After obtaining the certification, all CRISCs are asked to maintain an adequate level of current knowledge and proficiency by attaining CPE hours; one must earn a minimum of 20 CPE hours annually and 120 CPE hours over three years.
What’s more, they’ll need to pay the annual maintenance fee ($45 for members, $85 for non-members) to maintain CRISC Certification.
Again, continuing professional education (CPE) is crucial to maintaining your certification status. Many opportunities to earn CPEs include participating in professional development sessions like the Insider Risk Summit — September’s virtual free event.
How to report your CPE:
- Log-in at www.isaca.org/myisaca
- Click on Certifications and CPE Management
- Click on the button to Report and Manage CPE for any certification that you hold
- Click on the button to Add New CPE Record
- Fill out the details of the CPE activity. Please include a title or description of the event, the sponsoring organization, a start and end date from when it was earned, and the appropriate qualifying activity.
- Enter the number of CPE earned for each ISACA certification that you hold
- Click Save and Close or Save and Add More if you have additional CPE to report
Failure to report CPEs will result in the revocation of the CRISC designation and membership; to restore them, candidates will need to retake and pass the CRISC exam and resubmit a completed application. Note that renewal fees and maintenance fees also apply for recertification in addition to documentation of CPE hours.
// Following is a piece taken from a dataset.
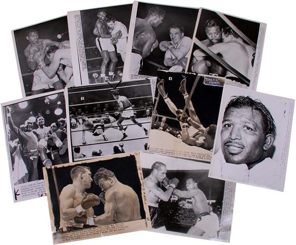 A huge collection of action packed news wire photos ranging in date from 1951 through 1961. The photos range in size from 14"X11"1/4 to 17" X 121/4". Many include type print affixed to photos describing fight scenes. Original newspaper clippings affixed to verso of some. Most in near mint condition with a few tears and creases on some but overall an amazing collection.

The path to CRISC certification
A CRISC certification can give professionals a way to demonstrate their skills in risk analysis and assessment. This credential, however, is not based on simply passing a test. Still, it requires a mixture of previous, specific work experiences and a life-long commitment to continuous education. That education consists of maintaining CPE hours to update existing knowledge and skills in the areas of risk and information systems control; each ISACA member must maintain an adequate level of current competence and proficiency in their field.